Exclude the pictures and reproduce the remaining data exactly as written.
──────────────────────────────
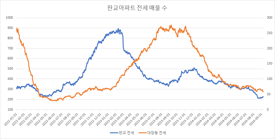 대장동아파트 전세 매물 수는 2주 연속 감소했습니다.
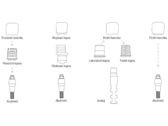 - Znovu připojte provizorní korunku nebo vhojovací kapnu na abutment
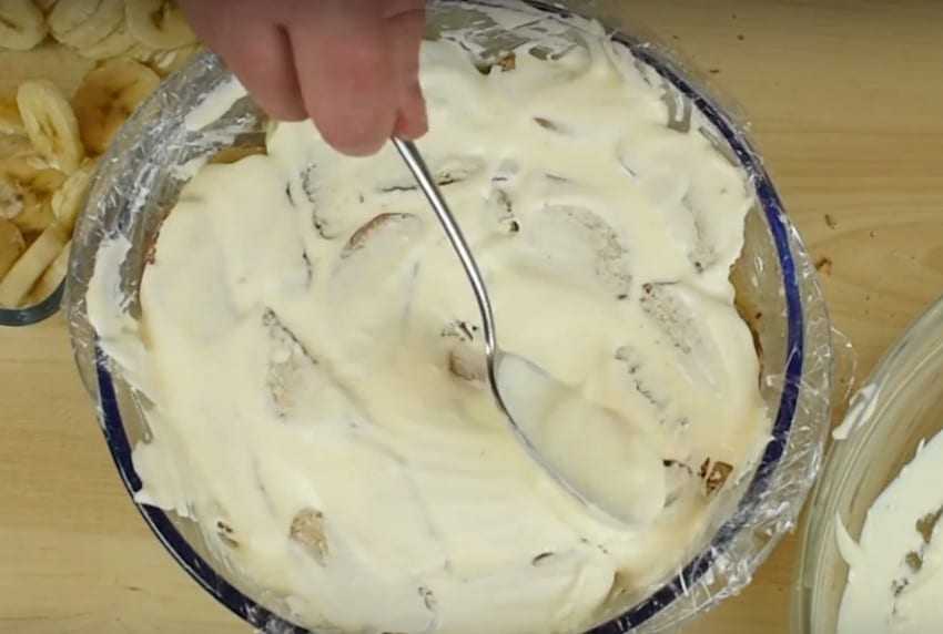 Теперь хорошенько смазывают все слоем сметанного мусса, а сверху равномерно размещают банановые колечки.
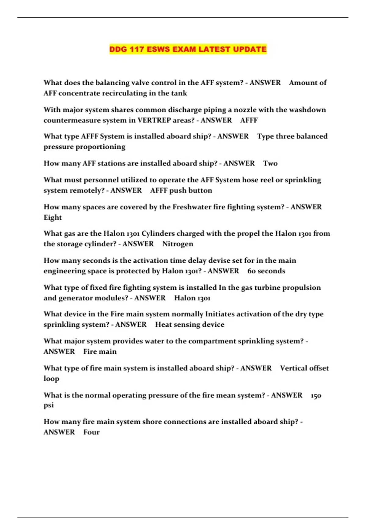 DDG 117 ESWS EXAM LATEST UPDATE...
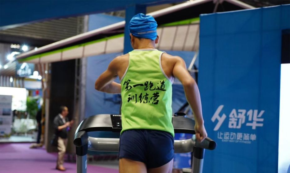 重马第一集团种子选手也来到展台体验我们的跑步机,对我们的设备赞不绝口。
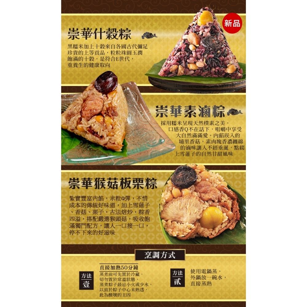 【崇華】素滷粽 6粒 (150g/粒)全素 素粽 板栗粽 養生粽 素滷 肉粽 糯米 得獎名粽 什穀 崇華
──────────────────────────────
Answer box:
 대장동아파트 전세 매물 수는 2주 연속 감소했습니다.
 - Znovu připojte provizorní korunku nebo vhojovací kapnu na abutment
 Теперь хорошенько смазывают все слоем сметанного мусса, а сверху равномерно размещают банановые колечки.
 DDG 117 ESWS EXAM LATEST UPDATE...
 重马第一集团种子选手也来到展台体验我们的跑步机,对我们的设备赞不绝口。
 【崇華】素滷粽 6粒 (150g/粒)全素 素粽 板栗粽 養生粽 素滷 肉粽 糯米 得獎名粽 什穀 崇華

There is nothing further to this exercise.